Entre silencios y chistes, los hombres también dicen “te quiero”, solo que a su manera

Editor de Galería

Durante un asado, mientras picaba un chorizo cantimpalo, le pregunté casualmente a mi gran amigo Pepe cómo andaba su novia. La respuesta llegó con su voz entrecortada.

—Me dejó hace dos meses... pero estoy bien.

Sin darle tiempo al silencio, el encargado de la parrilla intervino con firmeza, dando por cerrado el tema.

—Me alegro que estés bien.

Le di a Pepe una palmada en la espalda y seguí cortando el cantimpalo, como si nada.

Años después, otro de los míos sufrió una ruptura amorosa que lo dejó hecho un trapo. Fue una sorpresa porque ni sabíamos que su relación pendía de un hilo. Aunque, a decir verdad, jamás un amigo mencionó una crisis ni discusión de pareja. Fuimos todos a su casa a hacerle compañía, pero de sentimientos, ni una palabra. Los comentarios buscaban animarlo a nuestra manera.

—Con ese bigote horrendo, entiendo por qué te dejó.

—Te hizo un favor, ahora podés volver al gimnasio.

Compartimos unas pizzas, abrimos un vino barato y le colgamos unos estantes que tenía tirados desde hacía meses. A nuestra manera, estuvimos ahí.

Decir sin hablar

Por ridículo que parezca, los hombres admiramos al león, ese animal que por más que esté en peligro o herido siempre busca mostrarse dominante y seguro. Pero muchas veces, en realidad, somos solo gatitos más interesados en ronronear que en rugir.

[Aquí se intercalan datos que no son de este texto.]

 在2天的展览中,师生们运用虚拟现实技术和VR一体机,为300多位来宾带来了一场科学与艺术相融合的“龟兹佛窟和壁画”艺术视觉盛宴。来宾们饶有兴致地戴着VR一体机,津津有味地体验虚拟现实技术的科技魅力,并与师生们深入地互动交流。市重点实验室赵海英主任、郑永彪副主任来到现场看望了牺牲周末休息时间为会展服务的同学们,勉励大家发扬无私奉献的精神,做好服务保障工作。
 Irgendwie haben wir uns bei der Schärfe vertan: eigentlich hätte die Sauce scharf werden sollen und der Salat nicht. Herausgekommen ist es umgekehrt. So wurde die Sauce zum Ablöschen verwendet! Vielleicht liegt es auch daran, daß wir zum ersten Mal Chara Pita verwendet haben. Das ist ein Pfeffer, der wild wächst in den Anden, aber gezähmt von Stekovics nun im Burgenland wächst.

A su manera, es lo que explican Vogel, Wester, Hammer­ y Downing en su escrito Masculine Norms, Avoidance of Help-Seeking and Men’s Health, publicado en 2011. Este artículo revisa cómo las normas masculinas influyen en la reluctancia de los hombres a expresar vulnerabilidad o buscar ayuda emocional, incluso con amigos cercanos, y cómo esto afecta su bienestar psicológico.

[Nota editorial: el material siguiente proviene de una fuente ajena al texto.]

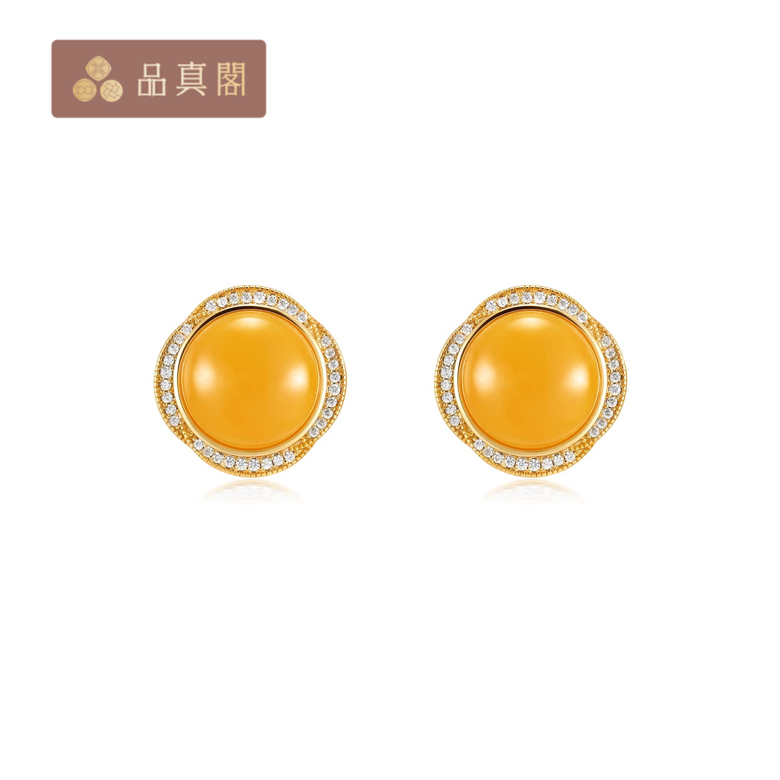 品真閣 S925銀琥珀蜜蠟老蠟蛋面耳飾天然蜜蠟生日禮物送親友

A pesar de toda la evidencia acumulada, muchas de estas creencias siguen profundamente arraigadas en nuestra cultura. Y así seguimos tragándonos la angustia solo porque, en algún momento, alguien decretó que “los hombres no lloran”.

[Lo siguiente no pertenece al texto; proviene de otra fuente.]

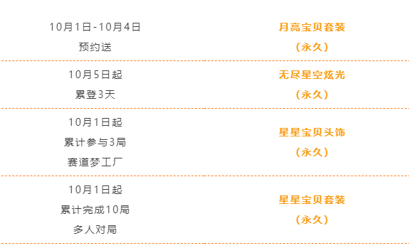 在10月1日-10月21日期间,车友们完成累登和任务即可获得月亮宝贝套装和星星宝贝套装。其中,在10月1日-10月4日期间需要预约才可以获得月亮宝贝套装,在10月5日起需完成任务或累登就可以获得星星宝贝套装和无尽星空炫光。

También en 2011 y más en profundidad, el sociólogo australiano Michael Flood analizó cómo los hombres­ manejan la intimidad emocional y la expresión de sentimientos dentro de sus amistades masculinas. Descubrió que, aunque muchos hombres evitan hablar abiertamente de emociones profundas debido a normas culturales, sí desarrollan formas alternativas de intimidad y apoyo emocional. Estas incluyen­ bromas, humor, lenguaje indirecto y actividades compartidas, como formas de expresar cercanía y cuidado sin necesidad de conversaciones explícitas sobre sentimientos.

La incomodidad que sentimos al abordar “temas difíciles” no es casual, ni nos enorgullece. Me atrevo a hablar en plural, consciente de que este flagelo afecta a miles, especialmente a machos de la vieja guardia.

Quizás sigamos esquivando el dolor con chistes, fútbol y asados, pero el primer paso para construir vínculos más profundos es justamente reconocer esa necesidad de intimidad emocional, aunque no siempre se exprese con palabras. Porque, a veces, un “¿todo bien?” con una doble palmada en la espalda es lo más cerca que estamos de decir “te quiero, amigo”. Y por ahora, eso también cuenta.